== Source data ==
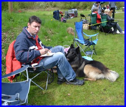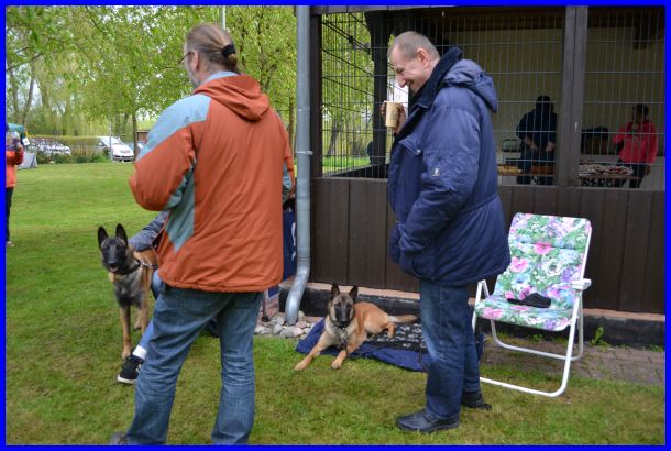 Sandra und Moni fachsimpeln :-) die Tervueren Rüden, vorn Danger dann Vito und hinten Canis, stehen im Ring!
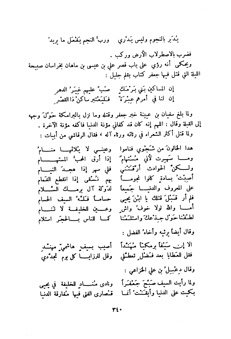 إن لنا في أمرهم عبرة ... فليعتبر ساكن ذا القصر ولما بلغ سفيان بن عيينة خبر جعفر وقتله وما نزل بالبرامكة حول وجهه إلى القبلة وقال: اللهم إنه كان قد كفاني مؤنة الدنيا فاكفه مؤنة الآخرة.
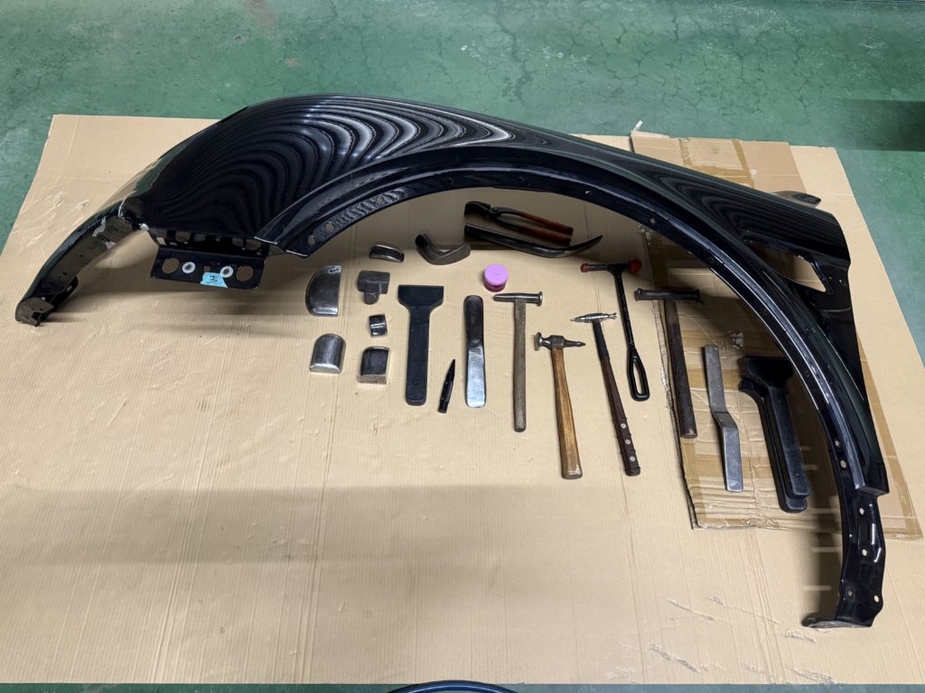 👉 鋼板と会話するように状態を見極めながら、歪みを整えて元の形に戻していきます
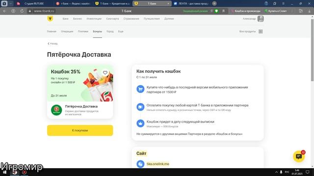 Обзор бонусов и скидок на 1 июля 2025 Т-банк.
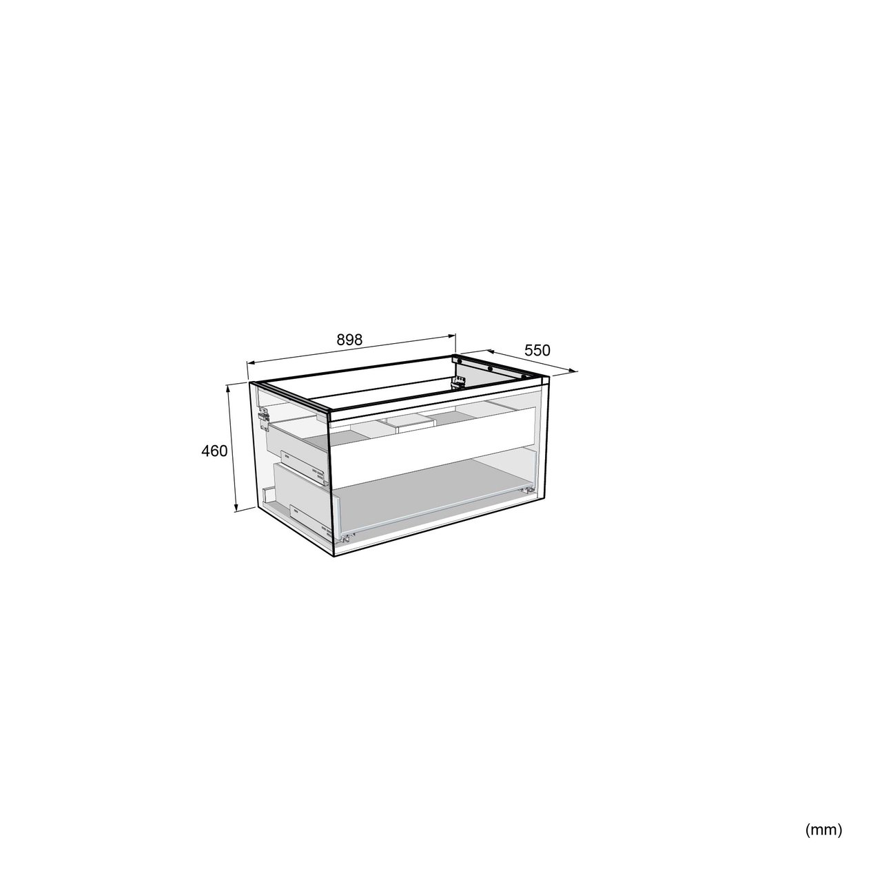- Tiroirs intérieurs en bois massif avec guides de tiroirs Blum et parois droites qui peuvent être retirées d'un simple clic. Cela assure une installation facile et parfaite et une optimisation maximale de l'espace.
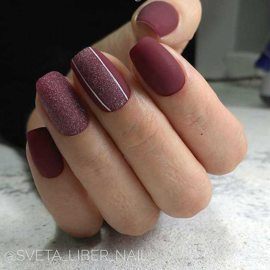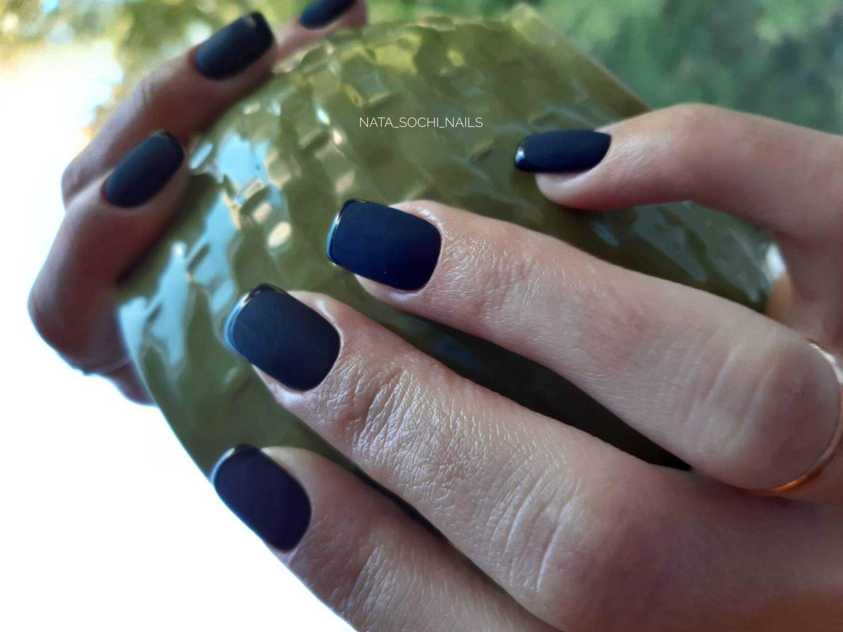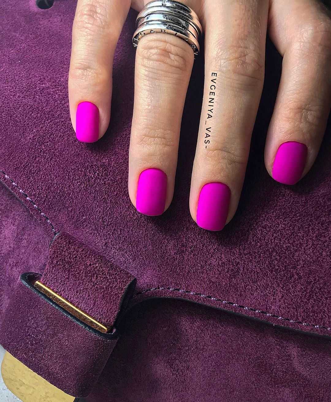 Ногти одного тона этой осенью тоже будут носить под матовым топом. Посмотрите на примерах фото, как выглядит цветной лак в сочетании с матовым покрытием. Цвет ногтей уже не бросается в глаза и вписывается в офисную атмосферу.
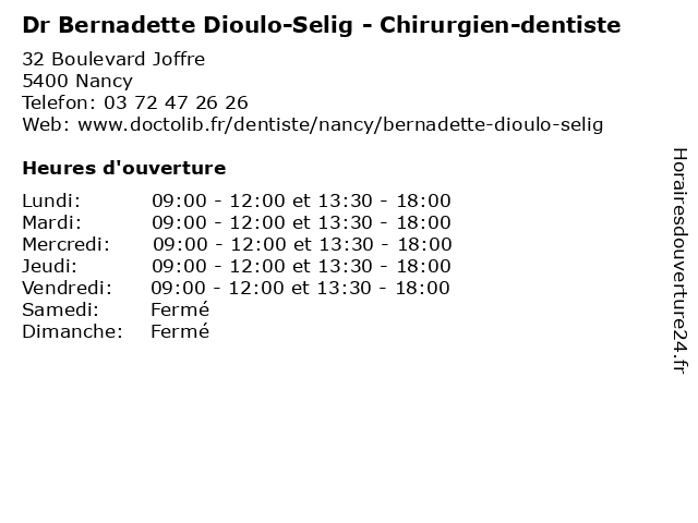 | Lundi | 09:00-12:00 et 13:30-18:00 |
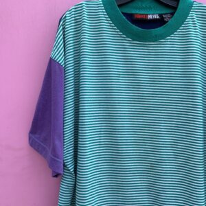 90S COLORBLOCK T-SHIRT W/ PINSTRIPES ON CHEST AS-IS
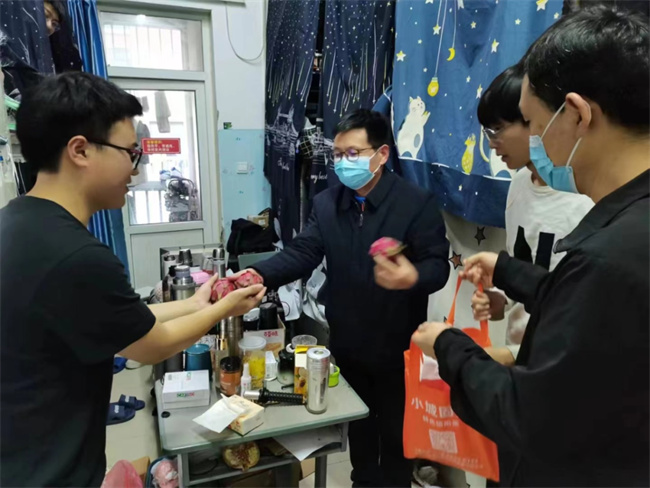 學(xué)院黨總支書記陳潔、學(xué)院學(xué)生工作負責(zé)人張燕麗、學(xué)院教學(xué)工作負責(zé)人黃宗杰,第一時間深入學(xué)生宿舍對學(xué)生進行疏導(dǎo)心理,為學(xué)生帶去水果、速食食物等慰問品。
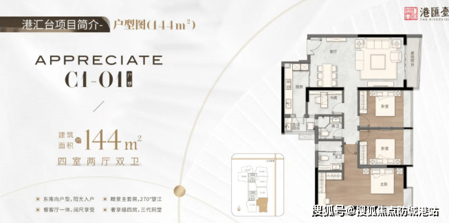 144㎡四房两厅二卫,东南向户型,阳光充足,视野开阔。
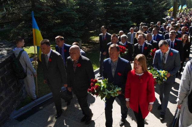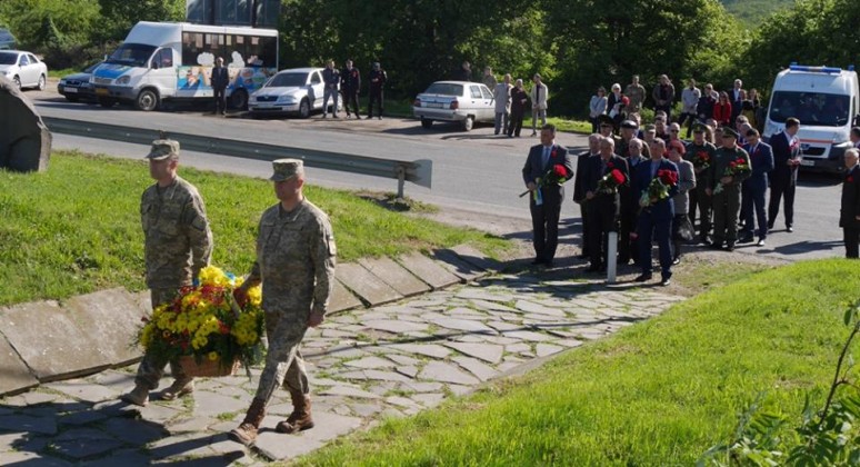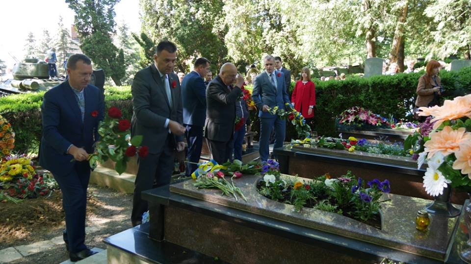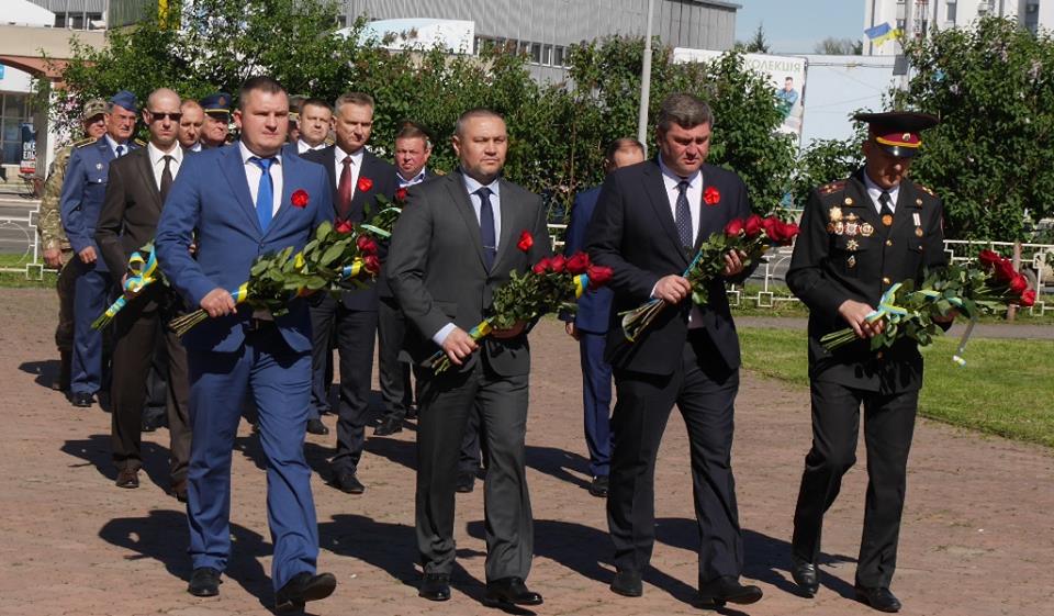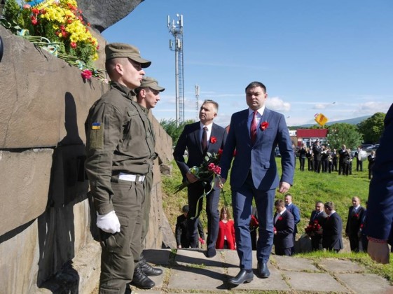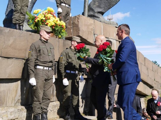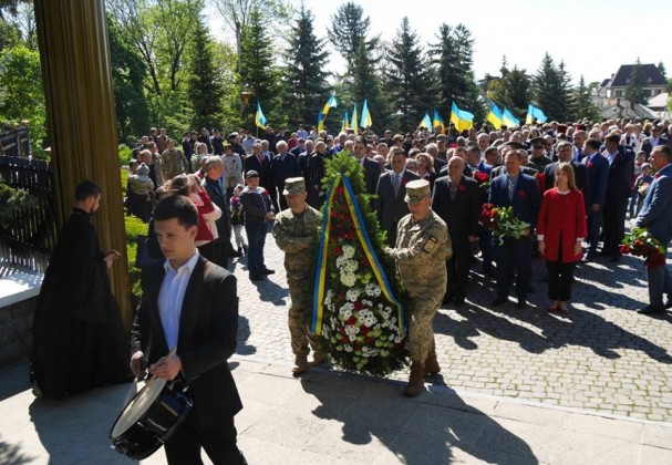 Голова Закарпатської обласної адміністрації Геннадій Москаль, голова Закарпатської обласної ради Михайло Рівіс, Ужгородський міський голова Богдан Андріїв поклали квіти до могил загиблих в АТО на сході України закарпатців та до Вічного вогню.
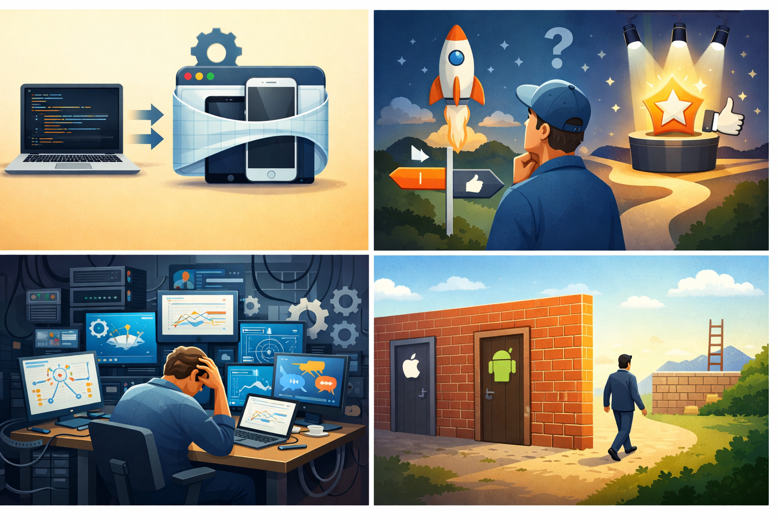 Six months later the team is fighting build issues, weird bugs on one device only, and every release feels risky.

== YOUR ASSIGNMENT ==
Exclude images and repeat all entries exactly.

== TASK OUTPUT ==
 Sandra und Moni fachsimpeln :-) die Tervueren Rüden, vorn Danger dann Vito und hinten Canis, stehen im Ring!
 إن لنا في أمرهم عبرة ... فليعتبر ساكن ذا القصر ولما بلغ سفيان بن عيينة خبر جعفر وقتله وما نزل بالبرامكة حول وجهه إلى القبلة وقال: اللهم إنه كان قد كفاني مؤنة الدنيا فاكفه مؤنة الآخرة.
 👉 鋼板と会話するように状態を見極めながら、歪みを整えて元の形に戻していきます
 Обзор бонусов и скидок на 1 июля 2025 Т-банк.
- Tiroirs intérieurs en bois massif avec guides de tiroirs Blum et parois droites qui peuvent être retirées d'un simple clic. Cela assure une installation facile et parfaite et une optimisation maximale de l'espace.
 Ногти одного тона этой осенью тоже будут носить под матовым топом. Посмотрите на примерах фото, как выглядит цветной лак в сочетании с матовым покрытием. Цвет ногтей уже не бросается в глаза и вписывается в офисную атмосферу.
 | Lundi | 09:00-12:00 et 13:30-18:00 |
 90S COLORBLOCK T-SHIRT W/ PINSTRIPES ON CHEST AS-IS
 學(xué)院黨總支書記陳潔、學(xué)院學(xué)生工作負責(zé)人張燕麗、學(xué)院教學(xué)工作負責(zé)人黃宗杰,第一時間深入學(xué)生宿舍對學(xué)生進行疏導(dǎo)心理,為學(xué)生帶去水果、速食食物等慰問品。
 144㎡四房两厅二卫,东南向户型,阳光充足,视野开阔。
 Голова Закарпатської обласної адміністрації Геннадій Москаль, голова Закарпатської обласної ради Михайло Рівіс, Ужгородський міський голова Богдан Андріїв поклали квіти до могил загиблих в АТО на сході України закарпатців та до Вічного вогню.
 Six months later the team is fighting build issues, weird bugs on one device only, and every release feels risky.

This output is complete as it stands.